→ **To do**
Keep images out and repeat all data exactly.

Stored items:
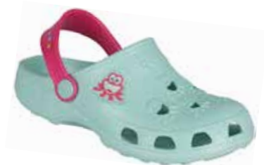
LITTLE FROG MINT/LT FUCHSIA 8701-100-3936A 8701-100-1821B rozmiary: 23/24-31/32 23/24-31/32 4-4-4-4-4 2-2-2-2-2
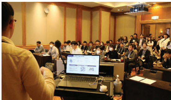
〈일반세션 및 특별세션〉
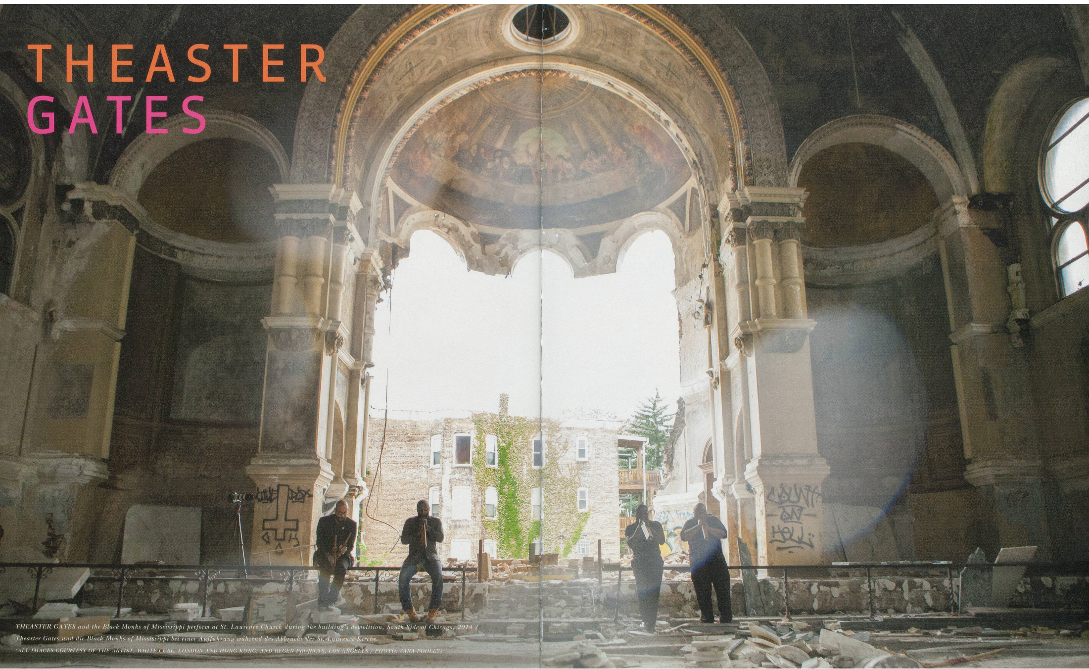
THEASTER GATES and the Black Monks of Mississippi perform at St. Lawrence Church during the building's demolition, South Side of Chicago, 2014 / Theaster Gates und die Black Monks of Mississippi bei einer Aufführung während des Abbruchs der St. Lawrence Kirche.
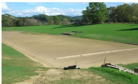
Vista dell'antico stadio di Olimpia

"E' importante non disattendere la cura del corpo e trovare una misura nel bere, nel mangiare e nell'esercizio.
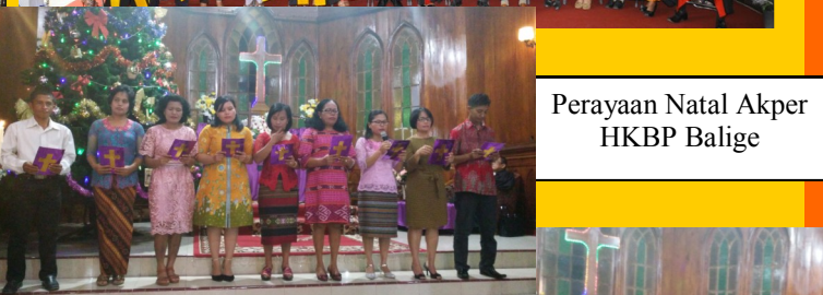
Perayaan Natal Akper HKBP Balige
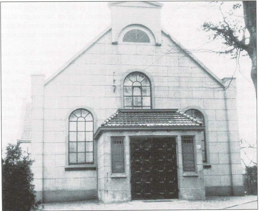
De Wilhelminakerk aan de Julianalaan is gebouwd in 1909. Hier zien we de voorzijde in de oorspronkelijke situatie. In 1924 wordt de kerk drastisch verbouwd.

→ **Result of this exercise**
LITTLE FROG MINT/LT FUCHSIA 8701-100-3936A 8701-100-1821B rozmiary: 23/24-31/32 23/24-31/32 4-4-4-4-4 2-2-2-2-2
〈일반세션 및 특별세션〉
THEASTER GATES and the Black Monks of Mississippi perform at St. Lawrence Church during the building's demolition, South Side of Chicago, 2014 / Theaster Gates und die Black Monks of Mississippi bei einer Aufführung während des Abbruchs der St. Lawrence Kirche.
Vista dell'antico stadio di Olimpia

"E' importante non disattendere la cura del corpo e trovare una misura nel bere, nel mangiare e nell'esercizio.
Perayaan Natal Akper HKBP Balige
De Wilhelminakerk aan de Julianalaan is gebouwd in 1909. Hier zien we de voorzijde in de oorspronkelijke situatie. In 1924 wordt de kerk drastisch verbouwd.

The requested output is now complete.